The future of technology in baseball
Soon after KinaTrax was implemented at Baggett Stadium, there were some initial questions about how to incorporate the data into Cal Poly’s on-field play.
“I was doing really well at the time, and I was like, ‘Why change anything?’” Bonn said. “I just want to be the best I can, so any opportunity to change something, if it’s going to benefit me in the end, is worth it.”
While early hesitation is normal, using data to improve performance in sports is nothing new, even at the college level. Most collegiate programs will offer tracking technologies, including Trackman or Rapsodo, which provide similar datasets based on captured swings and pitches but lack the ability to incorporate visuals alongside the datasets.
Both Moir and Wickham have experience working with MLB teams, and drew parallels between the technology being used there and what Cal Poly’s staff has access to.
“Seth [Moir], especially when calling the game plan … has probably similar to better [data] than what we were producing with the Mets at the big league level,” Wickham said. “I think we’re one of the better schools at synthesizing the data and using it for on-field success.”
KinaTrax is just one of many technological advancements in baseball in recent years. Other notable changes include the pitch clock and the automated ball-strike system, more commonly known as ABS.
The pitch clock, which is now used at the NCAA level, is designed to make baseball games quicker by limiting the time between each pitch to 20 seconds. ABS is a high-tech system designed to assist umpires with calling balls and strikes, rather than replacing them.
KinaTrax has had a similar progression to ABS: it started at the professional level, then spread throughout baseball. In 2013, the New York Mets became the first team to install the technology.
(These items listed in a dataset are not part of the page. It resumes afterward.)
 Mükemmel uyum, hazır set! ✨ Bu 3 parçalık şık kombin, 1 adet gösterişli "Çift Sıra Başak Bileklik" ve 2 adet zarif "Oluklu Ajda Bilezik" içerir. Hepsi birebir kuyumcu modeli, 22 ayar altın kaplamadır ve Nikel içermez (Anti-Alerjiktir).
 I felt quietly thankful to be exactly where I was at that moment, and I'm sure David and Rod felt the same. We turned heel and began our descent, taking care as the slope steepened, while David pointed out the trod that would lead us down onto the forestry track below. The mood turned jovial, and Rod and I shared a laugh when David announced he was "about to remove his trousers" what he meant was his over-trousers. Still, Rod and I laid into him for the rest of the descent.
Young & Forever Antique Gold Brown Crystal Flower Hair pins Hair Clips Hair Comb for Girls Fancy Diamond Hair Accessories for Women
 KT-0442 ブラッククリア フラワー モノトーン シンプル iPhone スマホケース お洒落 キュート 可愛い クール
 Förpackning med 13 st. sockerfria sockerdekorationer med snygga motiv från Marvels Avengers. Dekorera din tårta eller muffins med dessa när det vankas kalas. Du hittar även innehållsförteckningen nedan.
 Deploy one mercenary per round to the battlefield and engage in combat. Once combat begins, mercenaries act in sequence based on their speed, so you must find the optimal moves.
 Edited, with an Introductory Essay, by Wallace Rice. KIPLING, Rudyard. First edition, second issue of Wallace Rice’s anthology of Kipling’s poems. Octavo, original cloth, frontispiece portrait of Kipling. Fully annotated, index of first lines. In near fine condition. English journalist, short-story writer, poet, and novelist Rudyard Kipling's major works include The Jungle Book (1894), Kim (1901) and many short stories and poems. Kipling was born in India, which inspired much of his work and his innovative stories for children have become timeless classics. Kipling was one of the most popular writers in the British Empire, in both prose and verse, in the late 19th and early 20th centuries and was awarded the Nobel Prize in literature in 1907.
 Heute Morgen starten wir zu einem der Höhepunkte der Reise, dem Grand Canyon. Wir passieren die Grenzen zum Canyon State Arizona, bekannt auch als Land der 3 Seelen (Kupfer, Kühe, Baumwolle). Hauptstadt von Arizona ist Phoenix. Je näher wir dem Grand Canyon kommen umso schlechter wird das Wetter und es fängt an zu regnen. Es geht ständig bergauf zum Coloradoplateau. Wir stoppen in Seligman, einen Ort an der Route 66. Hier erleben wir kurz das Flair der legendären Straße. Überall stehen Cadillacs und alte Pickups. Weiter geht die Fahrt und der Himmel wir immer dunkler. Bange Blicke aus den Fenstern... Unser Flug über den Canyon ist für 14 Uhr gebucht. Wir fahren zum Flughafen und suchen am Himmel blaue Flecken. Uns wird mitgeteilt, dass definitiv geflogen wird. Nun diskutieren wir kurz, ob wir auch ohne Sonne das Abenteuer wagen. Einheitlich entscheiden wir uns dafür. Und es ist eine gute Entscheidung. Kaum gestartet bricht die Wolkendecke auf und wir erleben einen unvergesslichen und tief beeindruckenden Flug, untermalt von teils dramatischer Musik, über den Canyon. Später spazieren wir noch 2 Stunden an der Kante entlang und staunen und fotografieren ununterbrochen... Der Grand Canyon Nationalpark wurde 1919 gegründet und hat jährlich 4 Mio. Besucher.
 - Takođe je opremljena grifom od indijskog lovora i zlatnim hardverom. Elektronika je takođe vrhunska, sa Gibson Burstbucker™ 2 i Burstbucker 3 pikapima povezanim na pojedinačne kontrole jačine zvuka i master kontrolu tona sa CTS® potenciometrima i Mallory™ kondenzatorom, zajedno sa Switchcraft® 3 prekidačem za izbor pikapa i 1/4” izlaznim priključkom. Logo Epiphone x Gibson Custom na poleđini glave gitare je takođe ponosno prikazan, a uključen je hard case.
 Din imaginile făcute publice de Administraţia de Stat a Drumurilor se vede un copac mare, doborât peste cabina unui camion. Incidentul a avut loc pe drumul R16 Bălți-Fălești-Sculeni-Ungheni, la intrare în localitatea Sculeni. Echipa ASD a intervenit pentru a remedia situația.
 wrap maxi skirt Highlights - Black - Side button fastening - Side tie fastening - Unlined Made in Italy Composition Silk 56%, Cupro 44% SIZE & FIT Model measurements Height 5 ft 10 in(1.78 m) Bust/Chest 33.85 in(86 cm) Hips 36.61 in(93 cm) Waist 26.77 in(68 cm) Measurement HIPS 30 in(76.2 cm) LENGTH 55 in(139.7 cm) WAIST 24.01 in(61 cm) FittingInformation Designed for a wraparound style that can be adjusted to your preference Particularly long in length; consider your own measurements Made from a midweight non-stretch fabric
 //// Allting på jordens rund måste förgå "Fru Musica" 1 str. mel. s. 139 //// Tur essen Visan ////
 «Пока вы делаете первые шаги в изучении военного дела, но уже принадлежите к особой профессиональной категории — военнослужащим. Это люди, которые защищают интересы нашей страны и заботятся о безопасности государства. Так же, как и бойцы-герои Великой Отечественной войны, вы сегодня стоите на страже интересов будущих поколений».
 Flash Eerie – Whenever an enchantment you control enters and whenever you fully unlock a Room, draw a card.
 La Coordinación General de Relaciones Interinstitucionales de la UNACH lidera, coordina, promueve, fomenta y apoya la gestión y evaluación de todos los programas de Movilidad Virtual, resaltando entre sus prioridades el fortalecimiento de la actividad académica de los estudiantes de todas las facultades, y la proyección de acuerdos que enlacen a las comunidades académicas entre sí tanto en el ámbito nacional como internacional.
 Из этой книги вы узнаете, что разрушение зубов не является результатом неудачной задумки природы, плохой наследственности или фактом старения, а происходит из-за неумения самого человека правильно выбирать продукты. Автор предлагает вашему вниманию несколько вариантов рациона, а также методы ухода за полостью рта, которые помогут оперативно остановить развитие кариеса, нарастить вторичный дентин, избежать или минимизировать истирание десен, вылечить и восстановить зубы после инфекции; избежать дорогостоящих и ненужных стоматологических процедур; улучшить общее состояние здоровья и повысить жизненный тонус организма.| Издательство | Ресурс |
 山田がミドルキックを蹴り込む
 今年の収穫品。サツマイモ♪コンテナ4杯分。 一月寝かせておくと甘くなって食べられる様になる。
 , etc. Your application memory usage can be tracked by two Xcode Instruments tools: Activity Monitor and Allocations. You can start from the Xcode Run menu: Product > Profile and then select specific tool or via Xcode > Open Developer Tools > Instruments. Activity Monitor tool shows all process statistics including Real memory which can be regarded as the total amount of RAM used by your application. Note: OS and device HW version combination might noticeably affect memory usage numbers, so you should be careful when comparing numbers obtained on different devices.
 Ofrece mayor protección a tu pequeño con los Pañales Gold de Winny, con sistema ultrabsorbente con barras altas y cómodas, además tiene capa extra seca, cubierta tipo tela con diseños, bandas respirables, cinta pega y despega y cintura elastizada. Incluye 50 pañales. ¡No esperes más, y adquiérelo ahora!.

The first-ever fully recorded game by KinaTrax came just two years later, in a matchup between the Tampa Bay Rays and the Washington Nationals.
KinaTrax now has partnerships with 15 MLB teams, and schools like Cal Poly are among the first to bring it to college baseball.
Despite all of the advancements made since the technology was implemented, there are still more steps to fully utilize everything KinaTrax has to offer.
One of those steps is adding a feature that allows the staff to see live, in-game data, rather than sending the files to KinaTrax and getting them back hours later.
“Once we get [live KinaTrax data], I think that will be game-changing,” Solari said.
In the future, Solari would like to implement weekly mechanical reports so the team can see significant variables and changes throughout a game and create predictive models that monitor pitchers’ mechanics to know if they are fatigued.
Currently, Cal Poly Baseball has a team of three managing KinaTrax. Solari believes expanding to a team of five would be ideal.
“I think we need to keep the team somewhat small in order to keep it focused and all be on the same page,” Solari said.
Despite being home to back to back conference champions, the integration of technology and sports at Baggett Field is just getting started.
“I think we’re maybe two or three years away [from seeing the full benefits],” Solari said. “Someone told me a few weeks ago that we’re five to ten years away. I don’t think that’s true.”